Over the years, hundreds of people involved in the drug trade were incarcerated. That is the law. But what the law doesn’t explain is why most of the people in jail are black and Hispanic. The majority of people coming into our community to buy drugs were white, often from New Jersey. It is a common practice for a buyer to be supplying more than just him- or herself.
After President Reagan was elected, it was no secret: It was snowing cocaine on Wall St. Back then, there was all the glamour connected to cocaine — using hundred-dollar bills or specially designed gold spoons to sniff the powder, the keychain ornaments to hold your coke, the razorblade jewelry.
The out-of-control celebrity types were being habitually arrested and going to rehab, and there were the oft-told public tales of rock’n’rollers’ use of illegal drugs, the Mollen Commission’s findings exposing the drug-related corruption in the Police Department, and on and on.
Yet, the prison system does not reflect this difference. Illegal drugs are everywhere. Yet the ones ending up in jail are black or Hispanic. Just as the majority of individuals who end up dead in a situation involving the police are black men.

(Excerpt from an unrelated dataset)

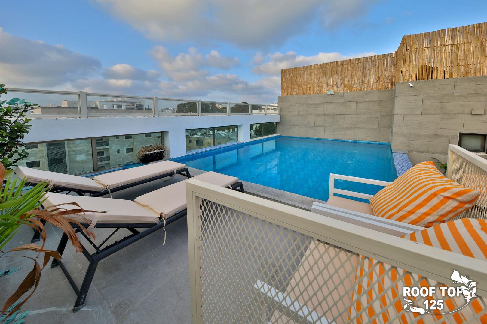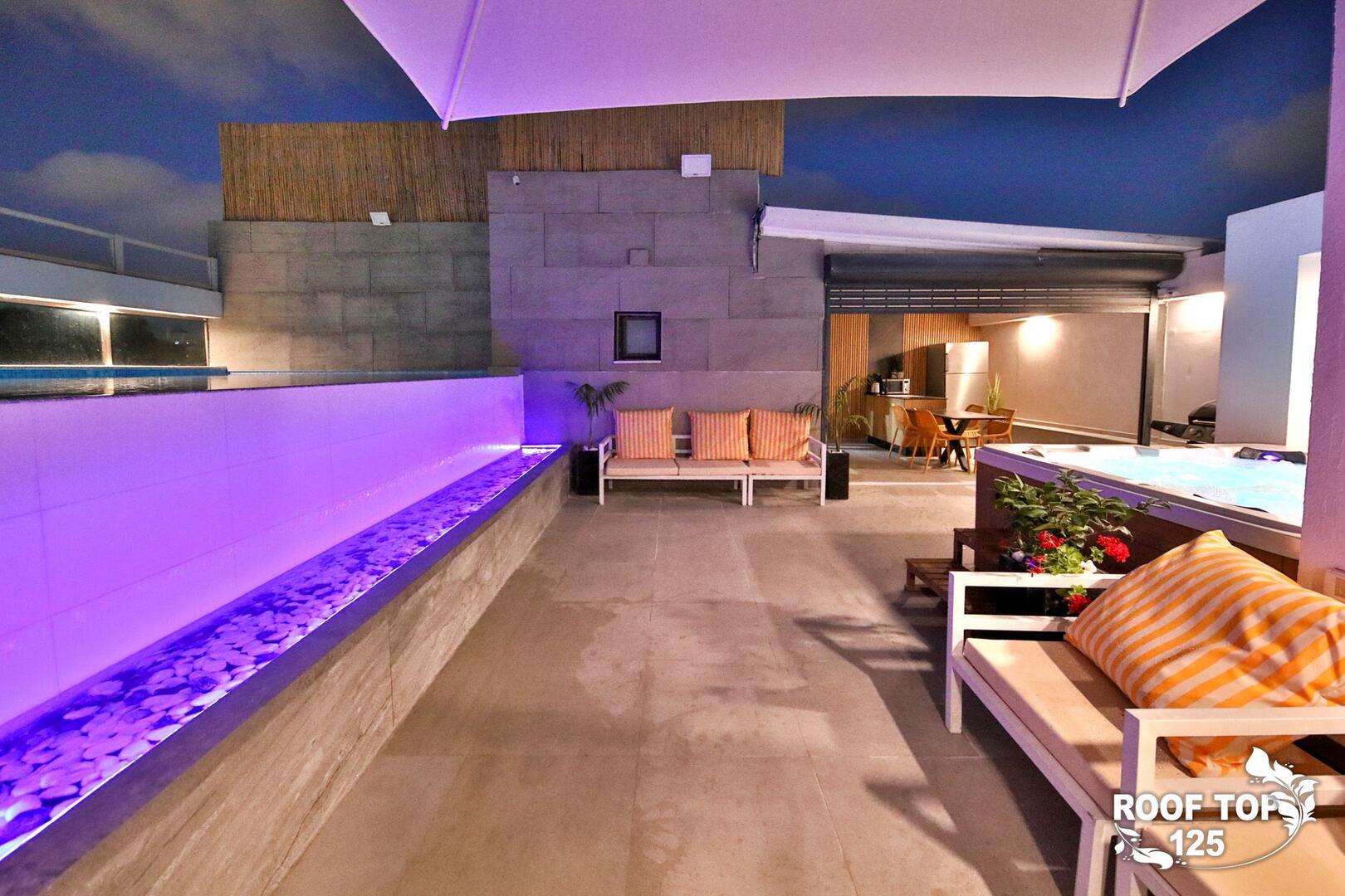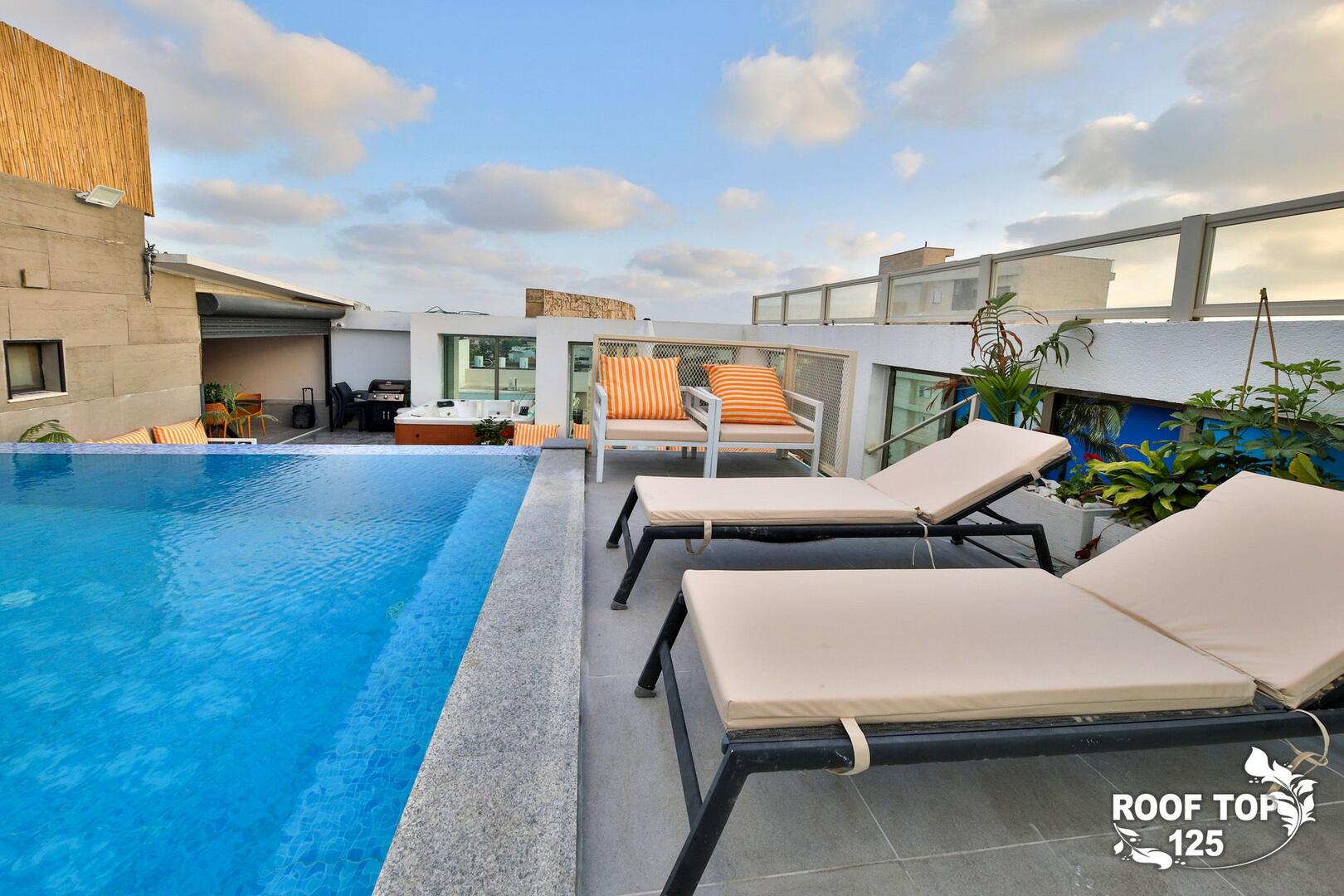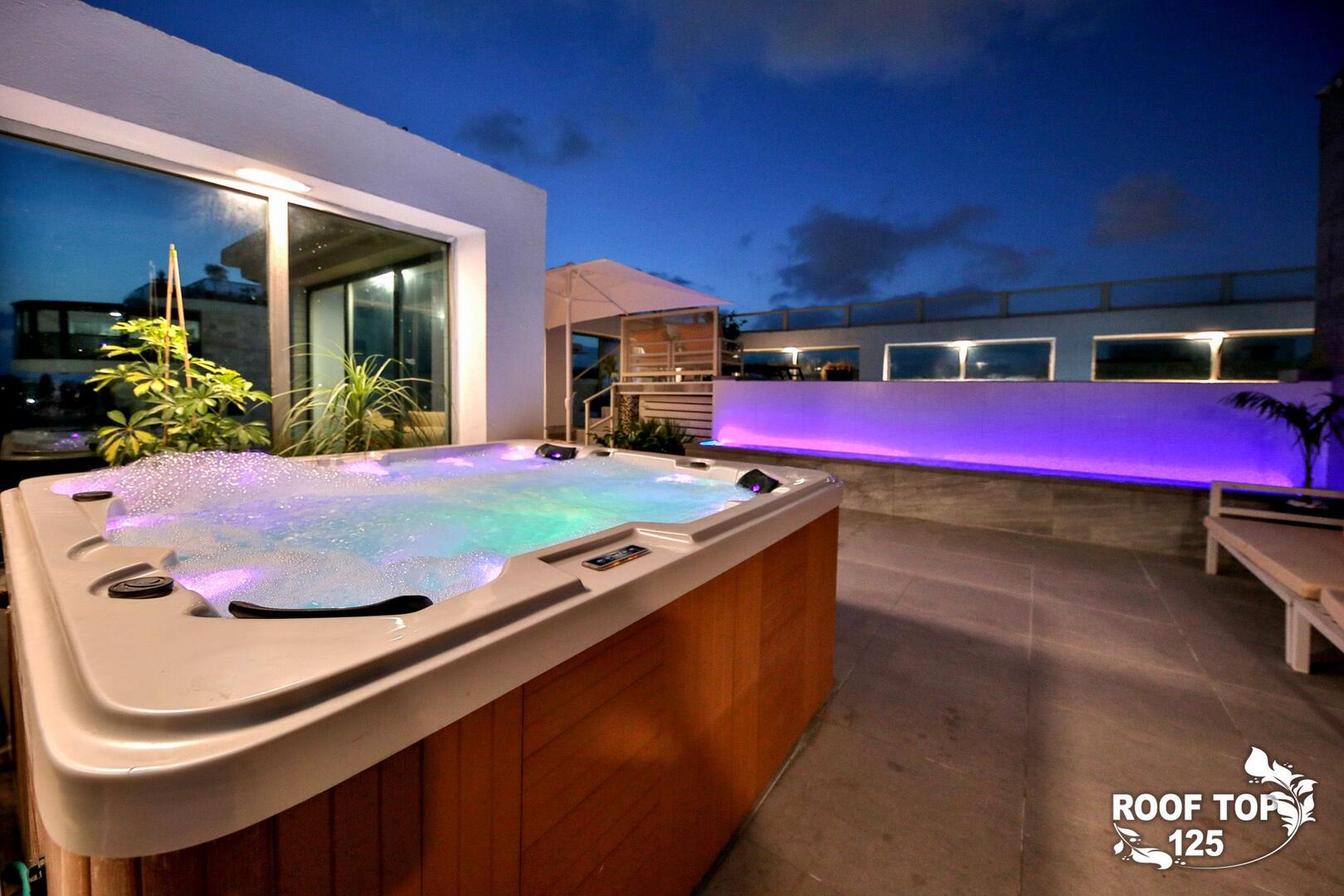 רוף טופ 125 בנהריה מציע את חווית הנופש המושלמת במיקום מצוין ובנוף עוצר נשימה. מדובר במתחם אירוח בגג בניין, שבו תמצאו את כל מה שאתם צריכים לנפוש בנוחות ובסטייל. במתחם הפנימי תיהנו מ-5 חדרי שינה מרווחים, סלון מעוצב עם טלוויזיה ומערכת ישיבה נוחה, מטבח מאובזר עם כל הדרוש, המתחם החיצוני מציע בריכת אינפיניטי מדהימה בגודל 8X5, ג'קוזי ספא מחומם, פינת BBQ ונוף מהמם של העיר. בנוסף אצלנו תוכלו לחגוג מסיבות הפתעה, ימי הולדת, רווקות או יום כיף עם חברים – רוף טופ 125 יענה על כל הציפיות שלכם ויותר.

We are in self-denial if we cannot see this point. We need an Al Sharpton to keep us aware of what is going on. Let the courts settle the matter.
I believe the majority of New Yorkers — certainly including the mayor, Al Sharpton and most of the protesters — are outraged two police officers were assassinated. It is time for a little restraint and to start to actually deal with our social problems before things spin completely out of control. There have to be splits in the Police Department as the rhetoric starts to become so divisive.
In the end, the police proved that by having a disciplined force, competent experienced leaders, using standard police procedure, they could control the streets. I am not sure how things got so out of control that the police needed to become so militarized. How did the police become so afraid of the citizens they are paid to protect?